God Speaks In The Holy Bible

Have you ever wanted God to speak to you?
Ultimately, all of us do!

God knows that we desire to have Him talk with us. He could have chosen to spoke to us through dreams and visions. In fact, that is how much of the Holy Bible was originally written (Hebrews 1:1).

Since giving us all we need to know to be saved in His 66 books, God no longer speaks to individuals with dreams, voices or visions.

Instead, the only place we get God's Word is in the Holy Bible (see II Timothy 3:15-17; II Peter 1:21).

The Bible: God's Library

The Bible can be described as a library of sixty-six books written by approximately forty people over sixteen hundred years. These sixty-six books make up what is called the canon, a listing of Bible books approved by the church.

In order to be canonical (that is, considered part of the Bible), Biblical books had to meet very strict criteria:

  • they clearly proclaimed God's truth,
  • their writings were inspired by the Holy Spirit,
  • their teachings were consistent with other portions of the Bible,
  • they had been written by the prophets or apostles,and
  • they contained no false or untrue teachings.

Books which met all these criteria were considered "Canonical" and were accepted as authoritative by all parts of the Christian Church.

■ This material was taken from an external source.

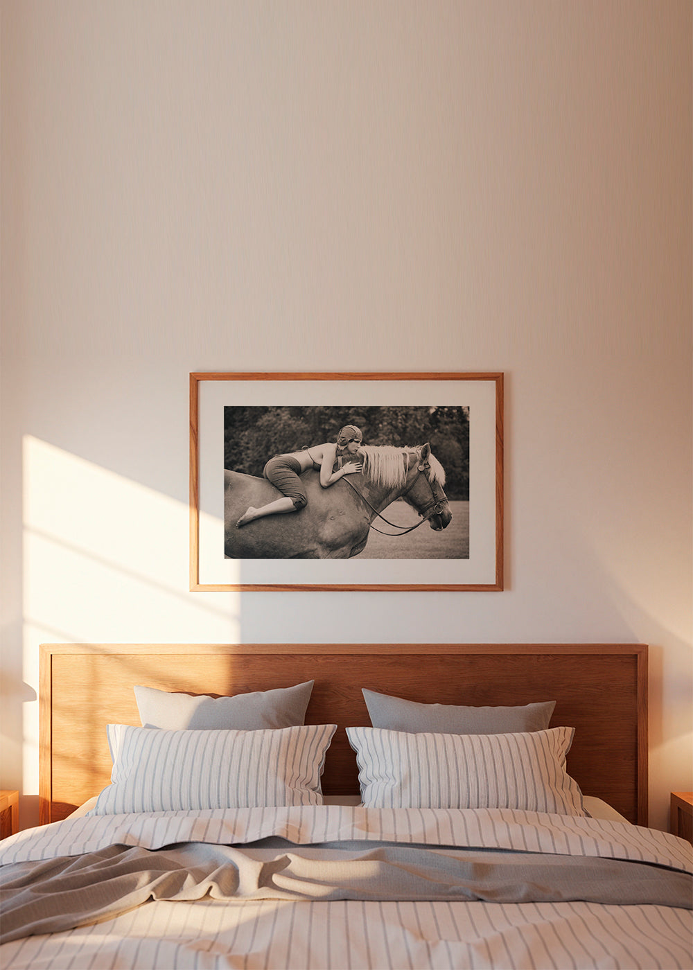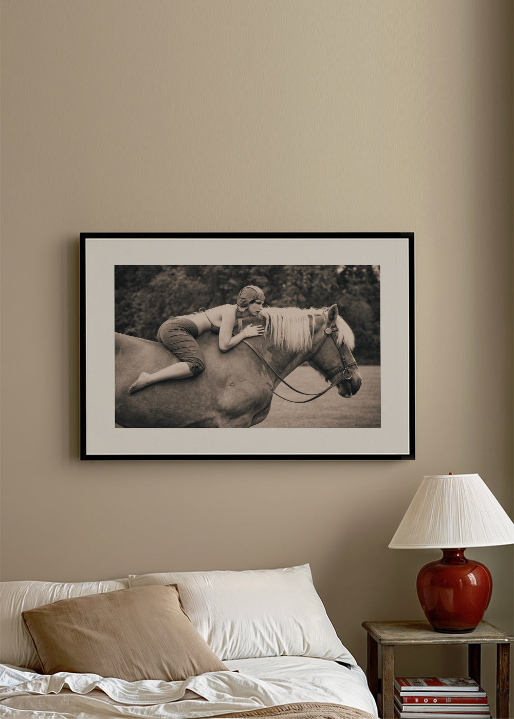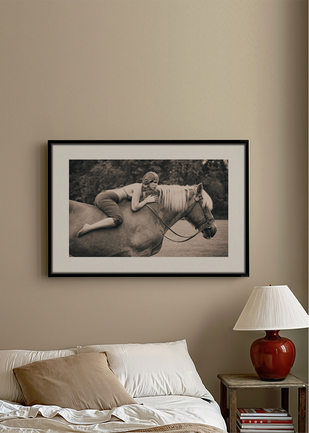 Bonito póster con inspiración en nuestra colección de cuadros de caballos, con tonos monocromáticos, y de formato horizontal. Un póster retro que puedes combinar con otros posters de estilo vintage para dar un toque original al hogar. El toque final que estabas buscando. Esta obra incluye un margen blanco que enmarca el diseño para potenciar su estilo.

Books that were not widely accepted by Christian Churches are called the Apocrypha or Deuterocanonical Books.  Roman Catholic add some of these books to their Bible. Because of their errors and false teachings,  most Christians--including Lutherans--do not consider the Apocrypha and Deuterocanonical Books to be God's Word.

The Bible: The Old Testament

The Bible is divided into two parts, the Old Testament and the New Testament.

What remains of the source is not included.